Department of Neurology, School of Medicine, Hamadan University of Medical Sciences, Hamadan, Iran , mehrdokhtmazdeh@yahoo.com
Abstract: (8006 Views)
Background: Spinal dural arteriovenous fistula (SDAVF) is a known cause of nontraumatic slow progressive araparesia and is frequently overlooked because its clinical features overlap with more common causes of myelopathy and also neuroimaging may be normal.

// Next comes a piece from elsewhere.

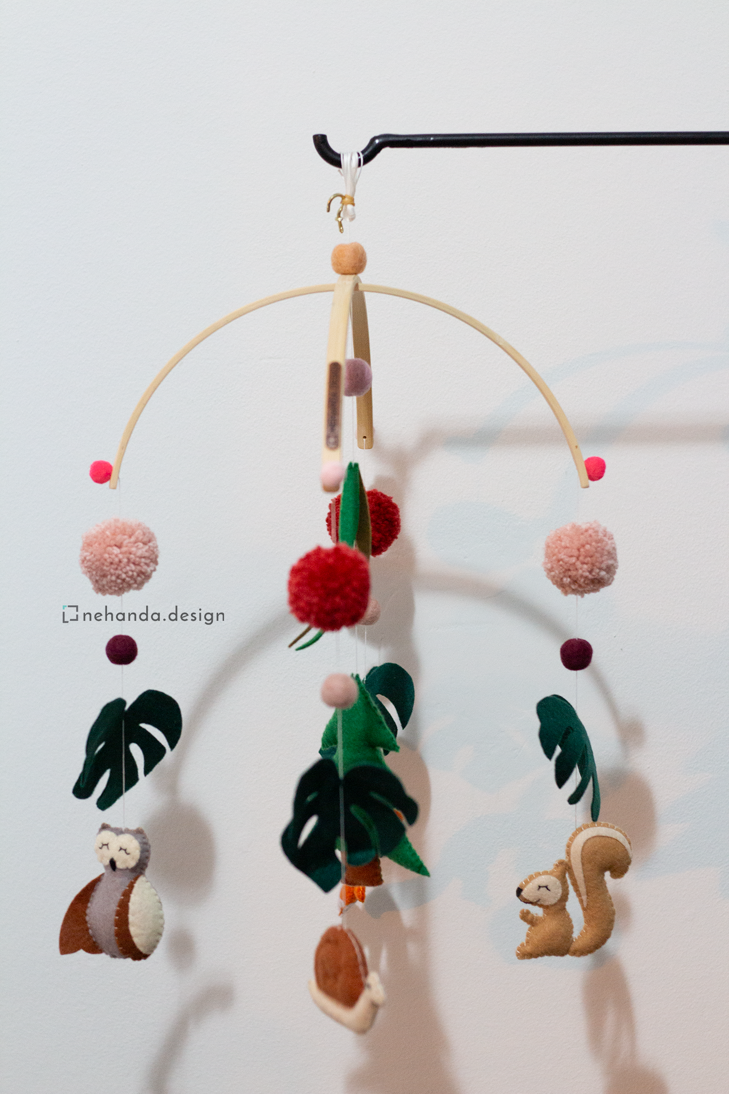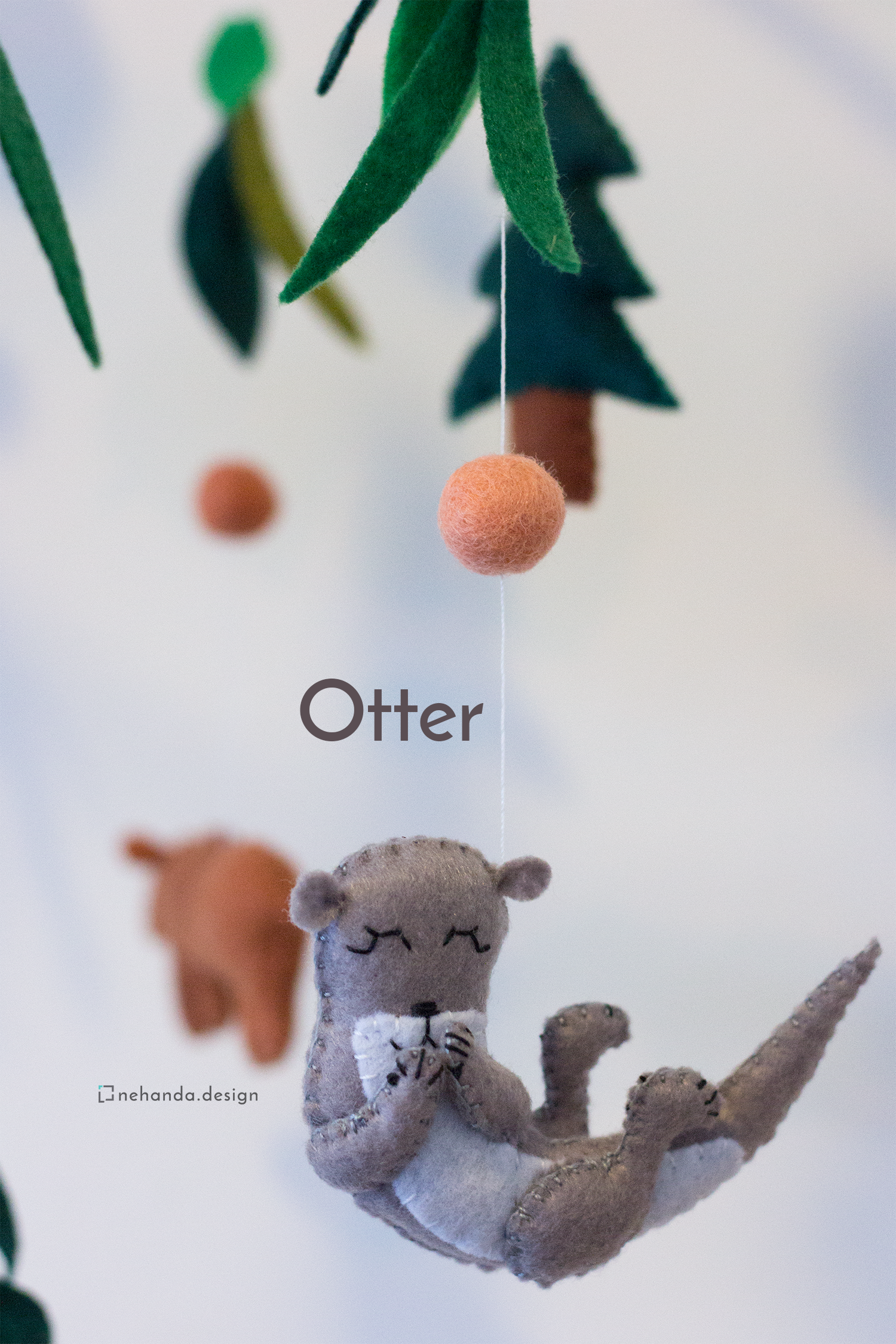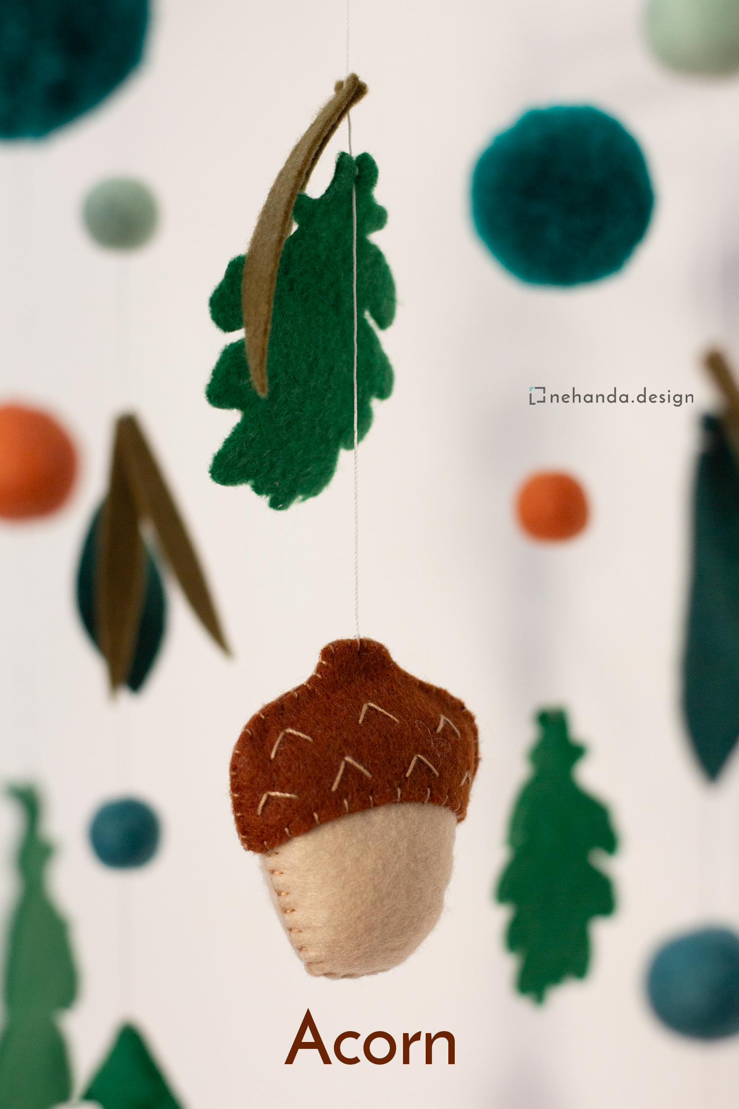 Inspired by the peaceful beauty of the woodlands, the Forest Life V1 Nursery Mobile adds a gentle, nature-filled atmosphere to your baby's space. At its center, a pine tree is surrounded by your choice of handcrafted forest creatures—such as owls, foxes, squirrels, or snails—along with pom-poms, foliage, and soft felt balls to complete the woodland scene.

Case Report: A 53 year-old man with developed weakness of both lower limbs had symptoms begun spontaneously 3.5 month before admission and progressed from 1 month ago with bowel and bladder incontinence. The patient's physical examination was normal and neurologic testing revealed lower extremity motor strength of 3/5. Deep tendon reflexes were decreased and superficial abdominal reflexes were absent. Sensation of pinprick and temperature was absent distal to the T4-T5 level. Vibration and proprioception were decreased to the ankle and saddle anesthesia and the patient was non ambulatory. Laboratory routine and specific tests for vitamin B12 level, hepatitis, HIV, HTLV1, 2 were negative. MRI of spine with and without contrast raised the possibility of dural arteriovenous malformation extended from T3 level to conus medullaris which was confirmed by angiography. The patient referred to neurosurgeon for deciding route of treatment.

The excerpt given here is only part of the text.